JATC loves Banh-mi (a Vietnamese food). His affection for Banh-mi is so much that he always has it for breakfast. This morning, as usual, he buys a Banh-mi and decides to enjoy it in a special way.

First, he splits the Banh-mi into $n$ parts, places them on a row and numbers them from $1$ through $n$. For each part $i$, he defines the deliciousness of the part as $x_i \in \{0, 1\}$. JATC's going to eat those parts one by one. At each step, he chooses arbitrary remaining part and eats it. Suppose that part is the $i$-th part then his enjoyment of the Banh-mi will increase by $x_i$ and the deliciousness of all the remaining parts will also increase by $x_i$. The initial enjoyment of JATC is equal to $0$.

For example, suppose the deliciousness of $3$ parts are $[0, 1, 0]$. If JATC eats the second part then his enjoyment will become $1$ and the deliciousness of remaining parts will become $[1, \_, 1]$. Next, if he eats the first part then his enjoyment will become $2$ and the remaining parts will become $[\_, \_, 2]$. After eating the last part, JATC's enjoyment will become $4$.

However, JATC doesn't want to eat all the parts but to save some for later.

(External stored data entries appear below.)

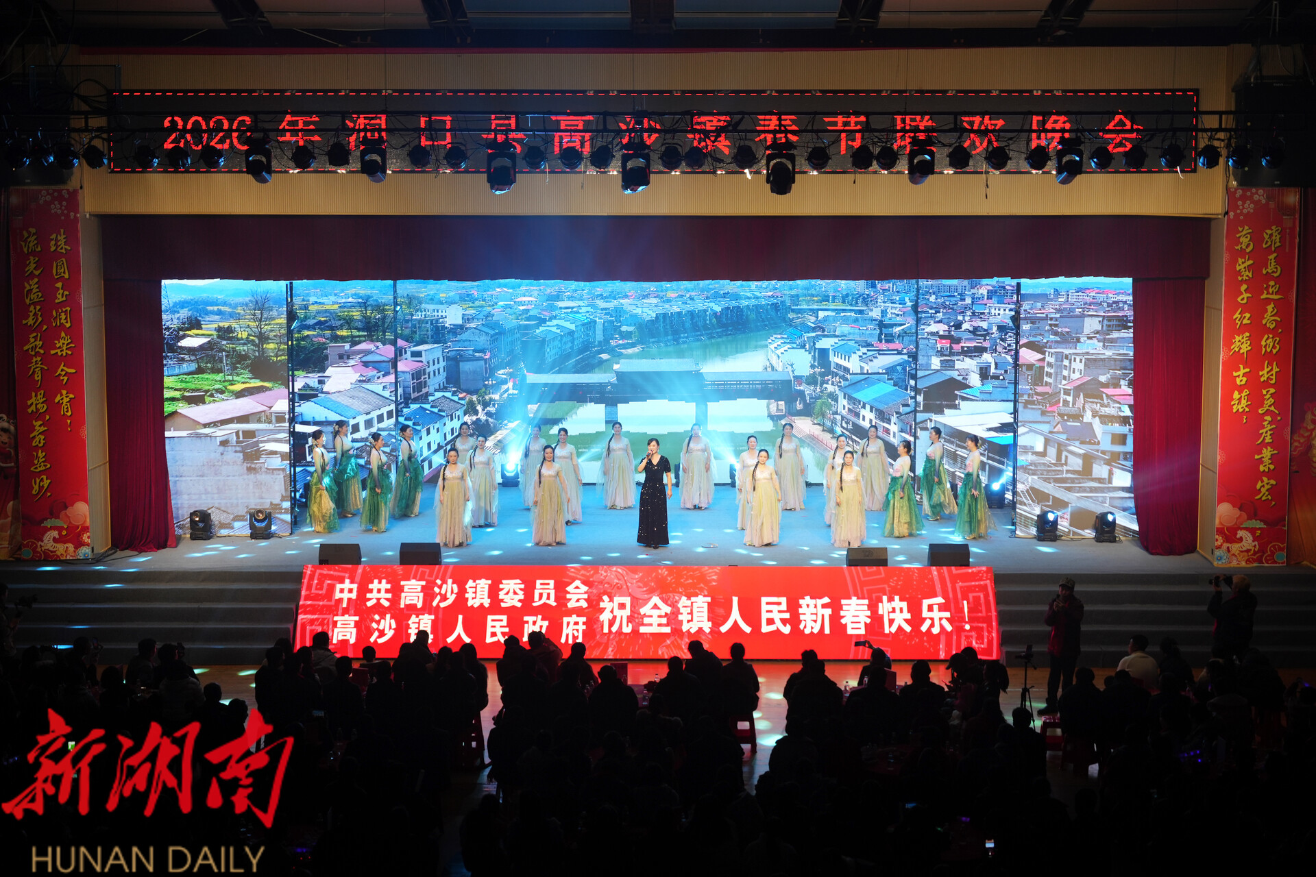 洞口融媒2月13日讯(记者:肖皓静 王哲 通讯员:付思佳) 蓼水汤汤传文脉,古镇欢歌庆新春。2月13日晚,2026年洞口县高沙镇春节联欢晚会在洞口三中体育馆温情启幕,晚会融合本土文化、乡愁情怀与时代风采,为全镇父老乡亲、海内外高沙儿女献上了一场精彩纷呈的新春文化盛宴。
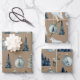 Un ensemble de papier d'emballage de Noël Kraft trio avec des épinettes bleues boisées à l'aquarelle avec des ornements bleu épicéa, un renard blanc arctique et un renne dans un motif répétitif.
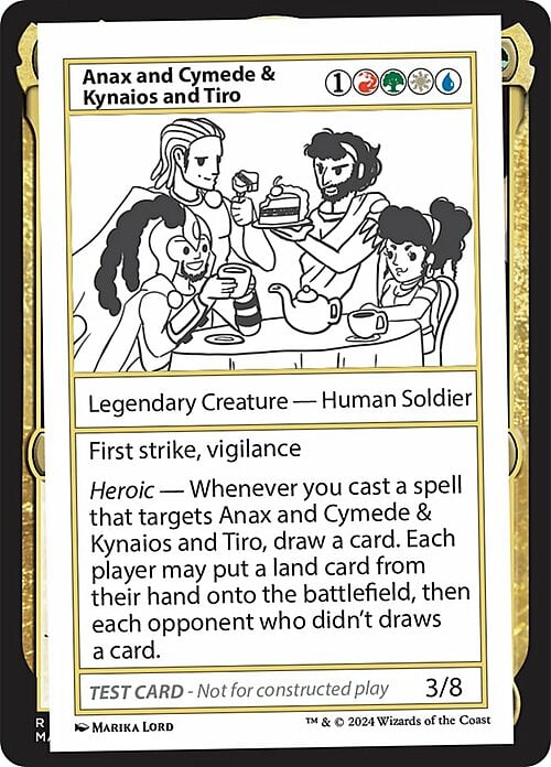 First strike, vigilance Heroic — Whenever you cast a spell that targets Anax and Cymede & Kynaios and Tiro, draw a card. Each player may put a land card from their hand onto the battlefield, then each opponent who didn't draws a card.
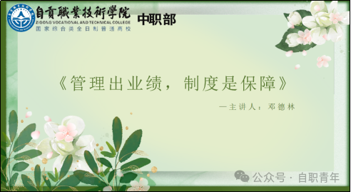 随后,学校办公室邓德林主任以《管理出业绩,制度是保障》为题进行分享。邓主任从学校日常管理的各个环节入手,讲解了完善管理制度、优化管理流程对提升教学质量和办学效益的重要性,强调要通过科学管理激发教师工作积极性,保障学校各项工作有序推进。
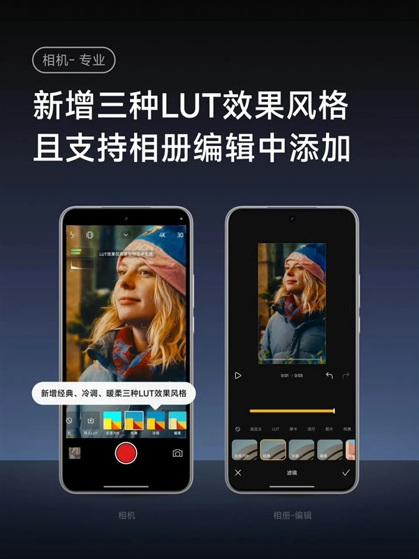 5.专业录像LOG支持更多LUT。LOG拍摄中的预览更生动真实
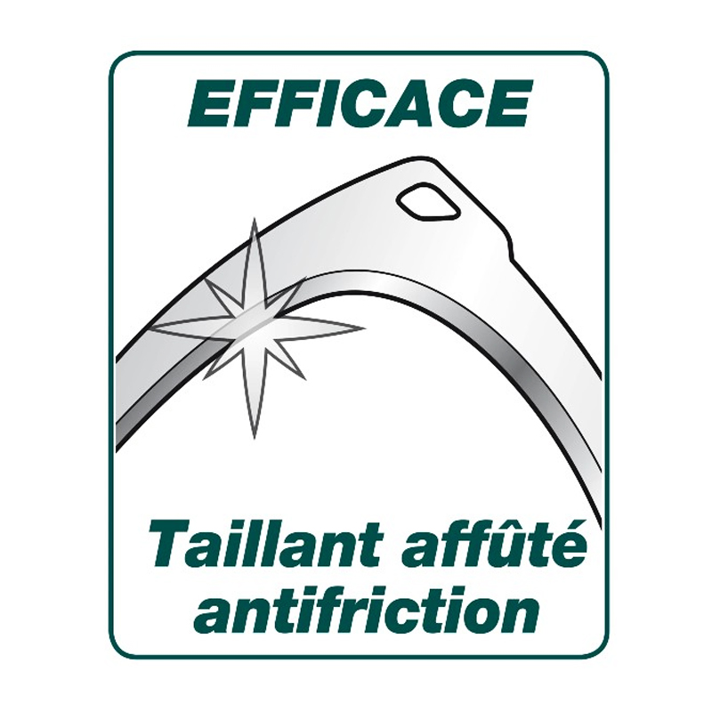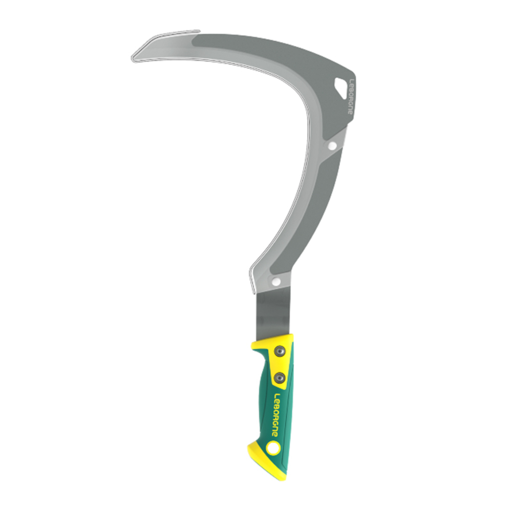 La conception coudée de la lame améliore la sécurité de l’utilisateur en réduisant les risques de blessure et en permettant une coupe au plus près du sol. Le manche bi-matière, renforcé de fibres de verre, intègre une garde et une butée anti-échappement pour un contrôle optimal. Son grip en élastomère anti-glissement assure une prise en main confortable et sécurisée, même en conditions difficiles.

He gives you $q$ queries, each of them consisting of two integers $l_i$ and $r_i$. For each query, you have to let him know what is the maximum enjoyment he can get if he eats all the parts with indices in the range $[l_i, r_i]$ in some order.

All the queries are independent of each other. Since the answer to the query could be very large, print it modulo $10^9+7$.